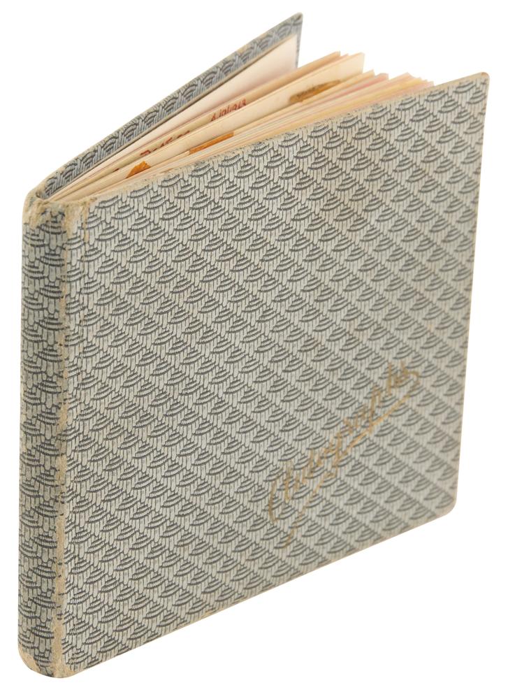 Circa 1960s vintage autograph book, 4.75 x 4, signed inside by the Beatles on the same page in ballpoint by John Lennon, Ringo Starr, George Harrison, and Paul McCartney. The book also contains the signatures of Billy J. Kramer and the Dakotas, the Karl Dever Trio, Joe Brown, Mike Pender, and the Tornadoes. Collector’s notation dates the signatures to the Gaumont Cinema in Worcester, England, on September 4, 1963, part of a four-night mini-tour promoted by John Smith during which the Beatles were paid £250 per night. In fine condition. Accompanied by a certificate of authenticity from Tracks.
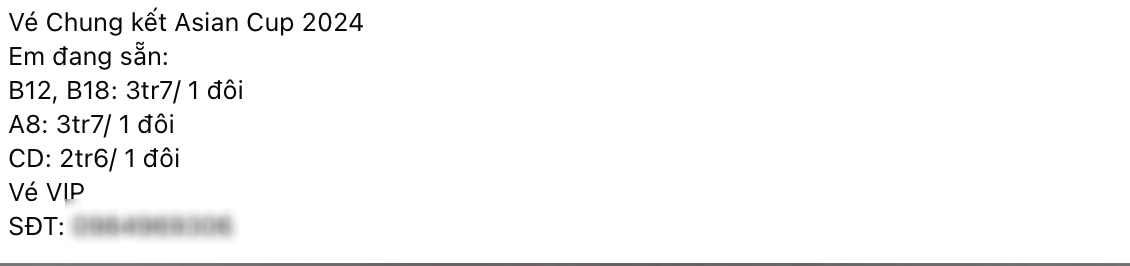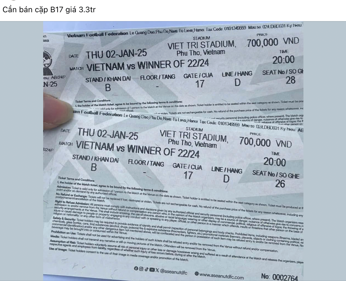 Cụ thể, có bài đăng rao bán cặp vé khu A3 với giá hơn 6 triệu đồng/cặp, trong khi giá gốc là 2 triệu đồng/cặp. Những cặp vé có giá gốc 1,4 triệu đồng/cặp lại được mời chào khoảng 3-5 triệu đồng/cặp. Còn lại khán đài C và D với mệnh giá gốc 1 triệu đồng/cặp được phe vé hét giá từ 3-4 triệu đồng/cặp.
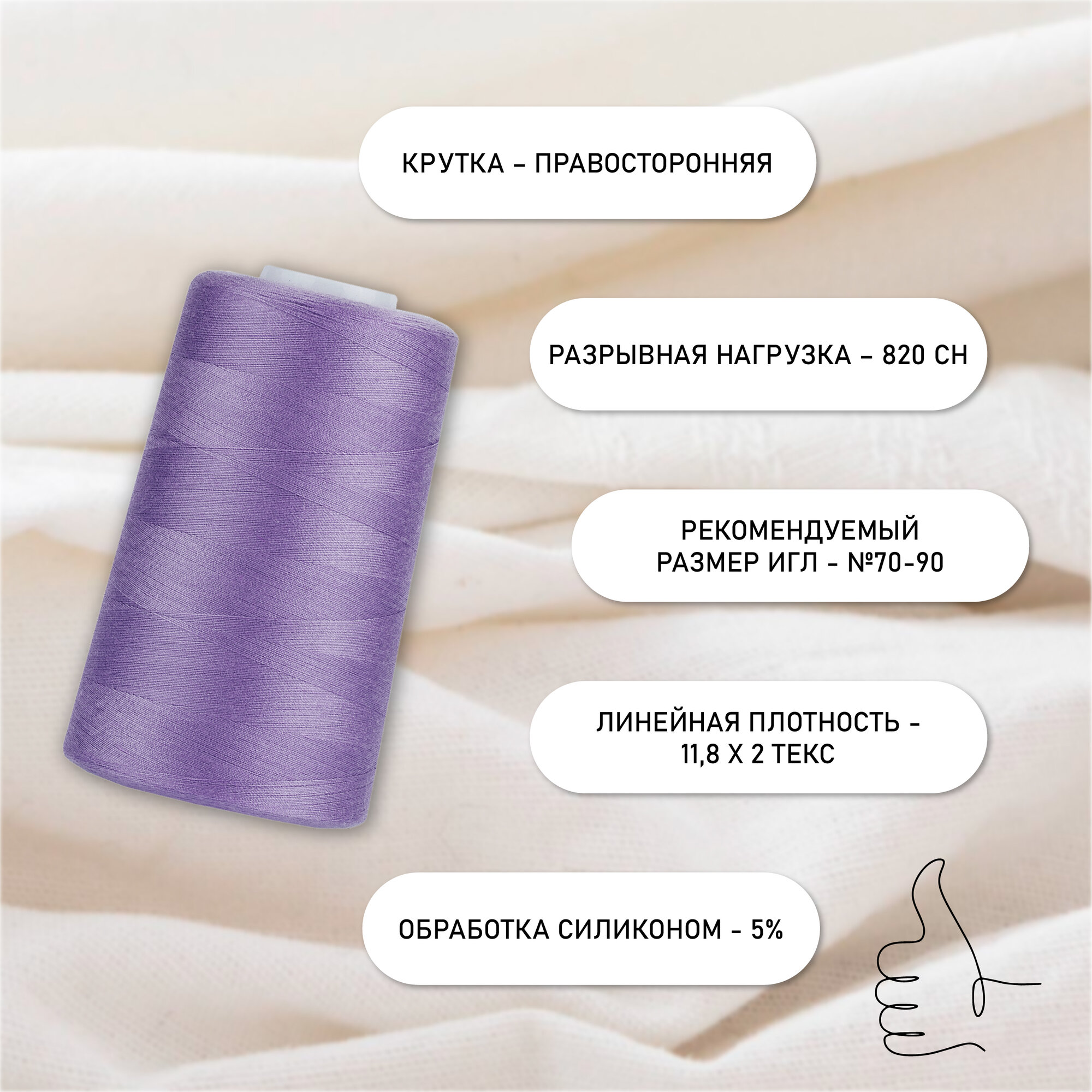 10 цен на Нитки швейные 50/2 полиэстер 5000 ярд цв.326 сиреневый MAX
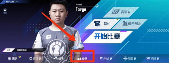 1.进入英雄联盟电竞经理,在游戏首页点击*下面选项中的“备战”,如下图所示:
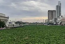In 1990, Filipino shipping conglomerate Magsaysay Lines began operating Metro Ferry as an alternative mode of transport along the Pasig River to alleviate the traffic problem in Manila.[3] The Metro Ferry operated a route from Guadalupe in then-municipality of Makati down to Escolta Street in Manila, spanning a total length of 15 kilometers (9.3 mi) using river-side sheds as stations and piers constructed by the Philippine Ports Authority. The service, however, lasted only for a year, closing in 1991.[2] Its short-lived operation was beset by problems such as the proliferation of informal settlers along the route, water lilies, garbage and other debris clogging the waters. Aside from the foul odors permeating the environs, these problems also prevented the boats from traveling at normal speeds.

===============

*Task instructions:* An exact restatement is expected of the lines from the line containing "Cụ thể, có bài" to the end of the data above, pictures excluded.

*Your solution:*
 Cụ thể, có bài đăng rao bán cặp vé khu A3 với giá hơn 6 triệu đồng/cặp, trong khi giá gốc là 2 triệu đồng/cặp. Những cặp vé có giá gốc 1,4 triệu đồng/cặp lại được mời chào khoảng 3-5 triệu đồng/cặp. Còn lại khán đài C và D với mệnh giá gốc 1 triệu đồng/cặp được phe vé hét giá từ 3-4 triệu đồng/cặp.
 10 цен на Нитки швейные 50/2 полиэстер 5000 ярд цв.326 сиреневый MAX
 1.进入英雄联盟电竞经理,在游戏首页点击*下面选项中的“备战”,如下图所示:
In 1990, Filipino shipping conglomerate Magsaysay Lines began operating Metro Ferry as an alternative mode of transport along the Pasig River to alleviate the traffic problem in Manila.[3] The Metro Ferry operated a route from Guadalupe in then-municipality of Makati down to Escolta Street in Manila, spanning a total length of 15 kilometers (9.3 mi) using river-side sheds as stations and piers constructed by the Philippine Ports Authority. The service, however, lasted only for a year, closing in 1991.[2] Its short-lived operation was beset by problems such as the proliferation of informal settlers along the route, water lilies, garbage and other debris clogging the waters. Aside from the foul odors permeating the environs, these problems also prevented the boats from traveling at normal speeds.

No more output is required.